===== Excerpted data

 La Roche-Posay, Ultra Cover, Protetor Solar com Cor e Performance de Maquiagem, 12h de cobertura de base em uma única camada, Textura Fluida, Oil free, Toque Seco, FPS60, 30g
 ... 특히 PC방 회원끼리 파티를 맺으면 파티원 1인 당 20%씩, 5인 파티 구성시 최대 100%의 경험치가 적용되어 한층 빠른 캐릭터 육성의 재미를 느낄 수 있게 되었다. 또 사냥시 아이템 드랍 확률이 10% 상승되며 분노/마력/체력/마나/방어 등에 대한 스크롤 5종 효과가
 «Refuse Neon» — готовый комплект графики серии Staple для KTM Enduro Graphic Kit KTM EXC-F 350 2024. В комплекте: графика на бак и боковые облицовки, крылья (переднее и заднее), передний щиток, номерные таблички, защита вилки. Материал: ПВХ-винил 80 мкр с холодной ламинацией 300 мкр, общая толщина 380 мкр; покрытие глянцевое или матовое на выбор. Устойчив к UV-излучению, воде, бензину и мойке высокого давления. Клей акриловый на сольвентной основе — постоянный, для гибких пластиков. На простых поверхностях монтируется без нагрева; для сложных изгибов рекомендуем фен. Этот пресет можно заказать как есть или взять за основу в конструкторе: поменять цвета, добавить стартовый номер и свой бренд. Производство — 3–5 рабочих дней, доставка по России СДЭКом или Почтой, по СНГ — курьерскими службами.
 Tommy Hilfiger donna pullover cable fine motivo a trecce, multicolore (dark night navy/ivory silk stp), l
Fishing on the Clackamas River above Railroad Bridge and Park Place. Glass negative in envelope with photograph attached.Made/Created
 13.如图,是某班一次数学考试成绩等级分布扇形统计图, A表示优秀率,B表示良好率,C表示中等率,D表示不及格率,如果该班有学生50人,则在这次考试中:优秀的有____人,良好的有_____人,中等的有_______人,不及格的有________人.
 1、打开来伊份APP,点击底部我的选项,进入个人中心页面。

==========
===== Excerpted data

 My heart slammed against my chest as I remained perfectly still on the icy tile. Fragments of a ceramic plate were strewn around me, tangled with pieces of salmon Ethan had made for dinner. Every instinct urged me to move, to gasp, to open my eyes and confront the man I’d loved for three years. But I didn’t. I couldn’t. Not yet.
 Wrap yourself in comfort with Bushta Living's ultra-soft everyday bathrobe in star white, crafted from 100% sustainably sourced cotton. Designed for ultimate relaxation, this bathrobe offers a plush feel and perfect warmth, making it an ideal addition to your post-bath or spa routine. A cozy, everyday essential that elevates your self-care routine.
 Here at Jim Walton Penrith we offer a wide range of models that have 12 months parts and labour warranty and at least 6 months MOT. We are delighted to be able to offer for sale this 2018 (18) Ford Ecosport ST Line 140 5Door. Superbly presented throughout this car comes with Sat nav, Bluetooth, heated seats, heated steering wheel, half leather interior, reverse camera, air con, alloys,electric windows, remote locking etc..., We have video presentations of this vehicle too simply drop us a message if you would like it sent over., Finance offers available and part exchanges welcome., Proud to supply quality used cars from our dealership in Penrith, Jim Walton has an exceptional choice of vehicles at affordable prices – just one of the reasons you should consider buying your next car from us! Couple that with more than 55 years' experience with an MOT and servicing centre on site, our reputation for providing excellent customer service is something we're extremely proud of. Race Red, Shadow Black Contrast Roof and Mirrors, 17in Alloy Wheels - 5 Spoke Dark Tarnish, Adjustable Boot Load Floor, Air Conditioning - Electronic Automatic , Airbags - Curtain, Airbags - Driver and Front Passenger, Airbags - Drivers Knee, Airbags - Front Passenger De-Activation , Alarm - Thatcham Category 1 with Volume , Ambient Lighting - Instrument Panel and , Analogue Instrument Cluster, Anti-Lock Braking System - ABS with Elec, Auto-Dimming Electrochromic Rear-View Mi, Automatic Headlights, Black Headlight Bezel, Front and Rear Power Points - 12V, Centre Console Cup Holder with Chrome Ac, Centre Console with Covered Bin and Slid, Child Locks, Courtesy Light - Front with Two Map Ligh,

==========

• To do:
Would you copy, unchanged, the stretch of the records above that begins at the line containing "Tommy Hilfiger donna" and ends at the line containing "1、打开来伊份APP,点击底部我的选项,进入个人中心页面。", and only that?

• Task result:
 Tommy Hilfiger donna pullover cable fine motivo a trecce, multicolore (dark night navy/ivory silk stp), l
Fishing on the Clackamas River above Railroad Bridge and Park Place. Glass negative in envelope with photograph attached.Made/Created
 13.如图,是某班一次数学考试成绩等级分布扇形统计图, A表示优秀率,B表示良好率,C表示中等率,D表示不及格率,如果该班有学生50人,则在这次考试中:优秀的有____人,良好的有_____人,中等的有_______人,不及格的有________人.
 1、打开来伊份APP,点击底部我的选项,进入个人中心页面。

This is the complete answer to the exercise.